O SALTO

 

Minha tia morreu.

Eu não gostaria de ter começado este texto assim, talvez um eufemismo, uma metáfora mais suave, não sei. Eu não gostaria de ter começado este texto assim, mas não há outra maneira de iniciá-lo. Preciso ter coragem para enfrentar tua morte, tia Xixica, assim como tiveste coragem de enfrentar a vida, com tanta dignidade e bravura. Assim como um dia eu saltei do trampolim para a piscina... Mas, como são rasas estas águas amargas de agora.

Quanto a ti, Morte, não irei chamar-te partida, viagem, descanso, último suspiro ou por qualquer uma destas expressões que tentam descaracterizar-te de teu sentido primordial, de tua essência, de tua razão de ser. Irei chamar-te apenas Morte porque morte é aquilo que tu és desde que vim ao mundo, desde que percebi, ainda criança, que tiveste o privilégio de levar para junto de ti aqueles que amei em minha vida. Tens em tua companhia meus avós, alguns tios e tias, amigos, pessoas que amei, que ainda amo, joias raras, de corações agigantados.

Na madrugada de hoje, invejosa do amor que nós todos sentíamos por ela, levaste embora minha tia Xixica. Mas sei por que fizeste isso. Não foi a fim de ferir aqueles que a amavam, mas para trazer um pouco de luz e graça para esta tua vida, Morte, sempre tão cercada de lágrimas e despedidas dolorosas. Levaste pelas mãos uma mulher que deu vida, que alegrou a vida, que se agarrou à vida, apesar da dor, até que a vida tivesse piedade e a entregasse aos teus certeiros cuidados.

Minha tia morreu.

Mas sua morte será uma maneira de nos mantermos vivos, por meio de seus causos, suas cantigas, seu riso, sua força.

Deveria ser mais fácil.
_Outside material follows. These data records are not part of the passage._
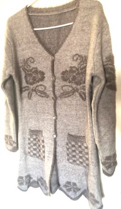 Natural Acrylic Wool Long Sweater/Beaded Sweater/Vintage WOOLRICH Sea Salt Snowflakes Embroidery Wool Frog Sweater stretchable sweater$100New Square, NY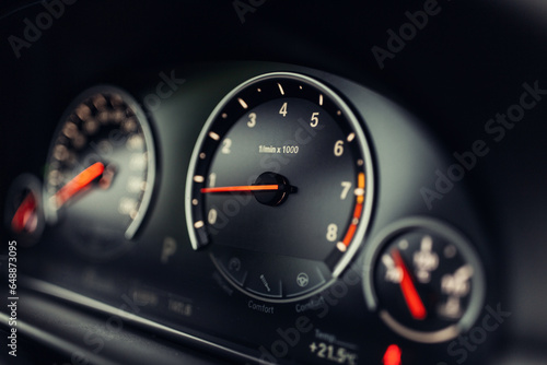 Sports car tachometer and dashboard with backlight. Close-up view of the modern car dashboard. Arrow of speedometer of supercar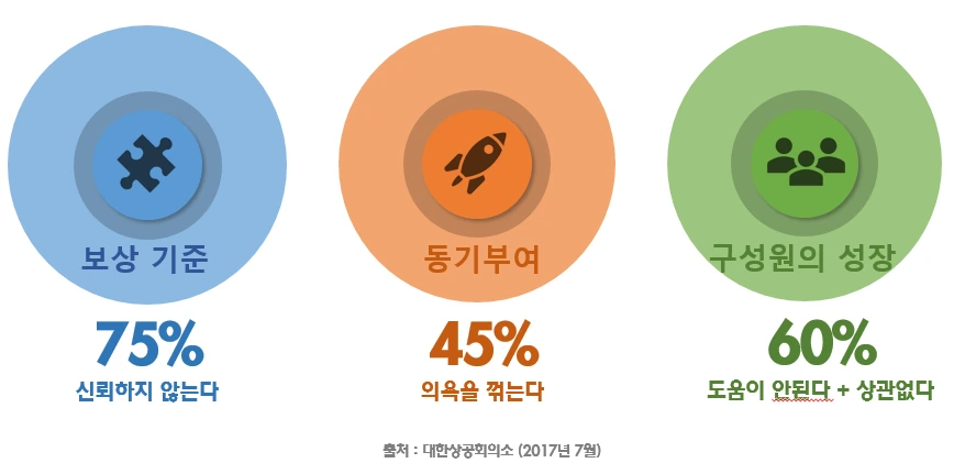 2017년 7월 상공회의소에서 직장인 700명을 대상으로 평가제도 신뢰도를 조사했다. 평가제도를 신뢰하는가?라는 질문에 75.1%는 신뢰하지 않는다는, 다소 예견되었지만 충격적인 결과가 발표되었다. 평가가 합리적이고 투명하며 공정하다고 생각하지 않았다. 배경을 보면 평가가 보상과 연결이 되면 될수록 승진자 밀어주기, 우수 평가 돌려받기, 정치, 줄세우기가 만연하고 있음을 알 수 있었다.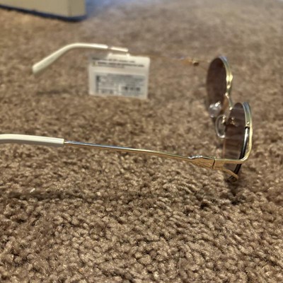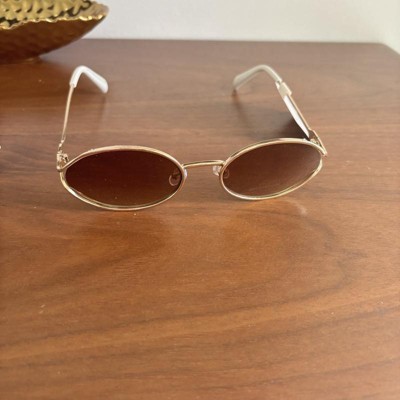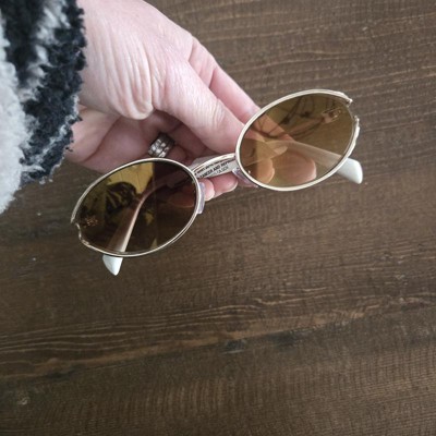 Sport a fashionable look during dates, casual outings, and beyond with the Oval Open Frame Metal Sunglasses from A New Day™. These gold-tone sunglasses feature an oval shape with an open frame and white temples for a gorgeous look. Designed with a metal frame, these oval sunglasses have maximum UV protection feature lenses to help keep your eyes shielded from the sun's rays. Complete with nose pads, these metal-frame sunglasses fit medium faces.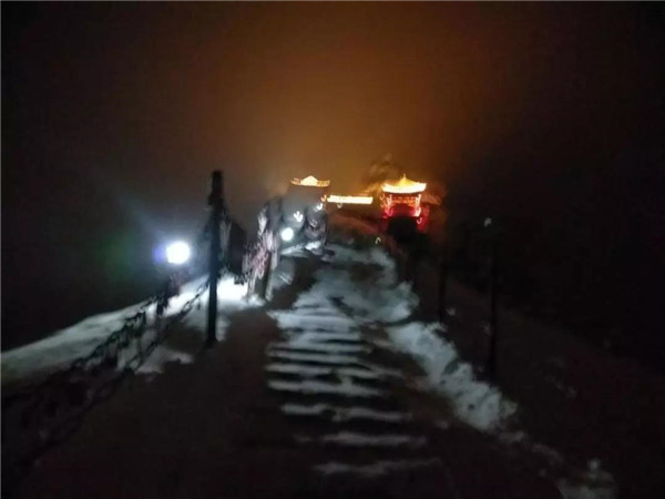 一個人,去往東峰的路注定難走,風更冷,天更黑,路更滑,我準備從南峰方向穿過去。踩著積雪“咔嚓”的響,走著走著,發(fā)現(xiàn)路面全部冰封,旁邊是懸崖,懸崖下風呼呼的刮,綁著冰爪的登山鞋在冰面試了試,不穩(wěn)定,為了安全想了想還是果斷返回。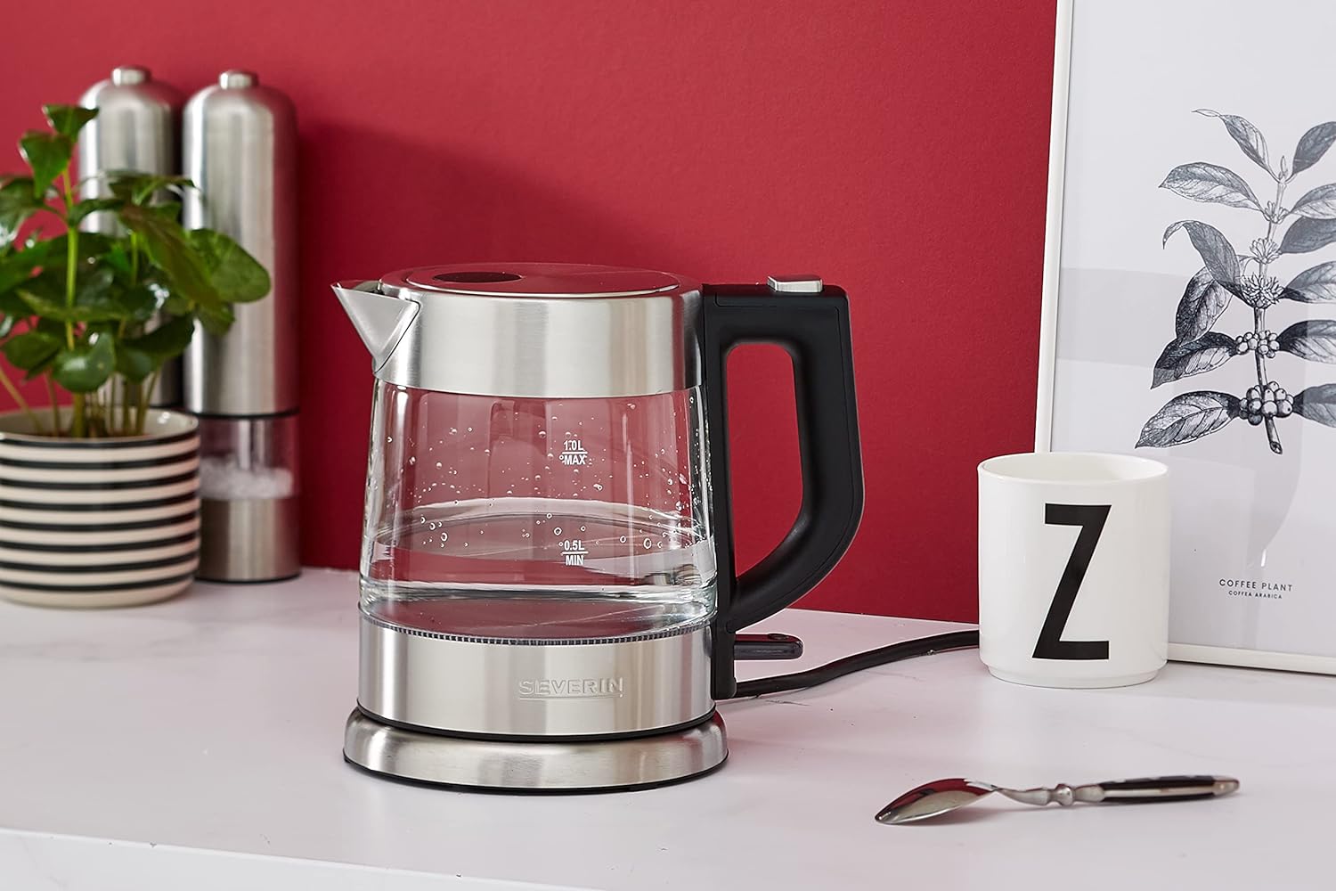 - Details: SEVERIN Glas Wasserkocher mit Kalkfilter, Wasserkocher aus Glas und Edelstahl, durch Edelstahl verdecktes Heizelement, Artikelnr. 3468
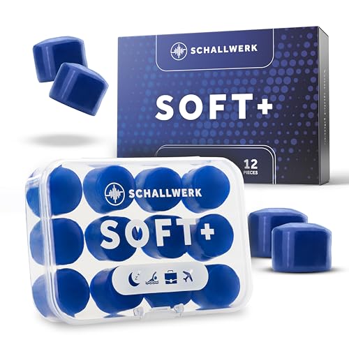 Schallwerk ® Soft+ | 12 Silikon Ohrstöpsel – Optimale Unterstützung als Schlafgehörschutzweiche Ohrenstöpsel zum Schlafen Silikon – Earplugs for sleeping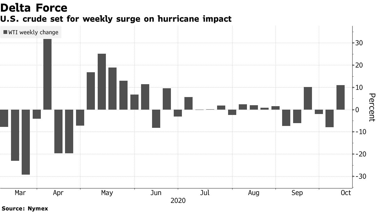 CMC Markets首席市场策略师迈克尔•麦卡锡(Michael McCarthy)表示,墨西哥湾在飓风德尔塔的影响下停产,是油价上涨的原因之一。投资者最近对部分欧佩克国家不遵守减产纪律的担忧,似乎也已经被飓风对供应的打击所抵消。

Dizem que eu tive tempo de me preparar, que a morte seria inevitável. Mas não, não, não! Inevitável é esta sensação dolorosa de que ainda é cedo, que ainda tínhamos mais a dizer, que poderíamos ter comido aquela peixada de camurupim que te prometi quando tu recebesses alta, tia Xixica. Mas, logo, logo, o comeremos, todos em família, reunidos em tua homenagem, em celebração a herança que nos deixaste: Coragem e vontade de viver.

Obrigado por cada gesto de afeição e por ter participado de meus dias até a madrugada de hoje. Sim, estou chorando, eu sei. Mas não te preocupes, ficarei bem, isso passa. Mas não hoje, talvez amanhã, quem sabe. Não te preocupes.

Não acredito em enterros. Não acredito em crematórios. Tu não serás jamais guardada em um abraço eterno pela terra e muito menos ter tua memória transformada em cinzas. Na verdade, te transformaste na determinação que nos impulsionará a seguir com nossas vidas, orgulhosos de termos aproveitado por tanto e por tão pouco tempo a tua luminosa companhia. E aqui, dentro de nossos corações, tua lembrança permanecerá, como uma voz que diz:

Não pare, não tenha medo. Salte!

 

Emerson Braga

Comments: 1
  • #1

    Baltazar (Monday, 28 March 2016 16:42)

    Em algumas horas é mais difícil encontrar "a palavra certa" no adeus particularmente. "São rasas estas águas amargas de agora /não tenha medo. Salte!" Pedir coragem é pedir muito mas também é tudo o que podemos frente ao que é definitivo. Sinta-se confortado sempre, amigo. Seu texto é uma belíssima homenagem, honra a vida de sua tia Xixica. Grande abraço!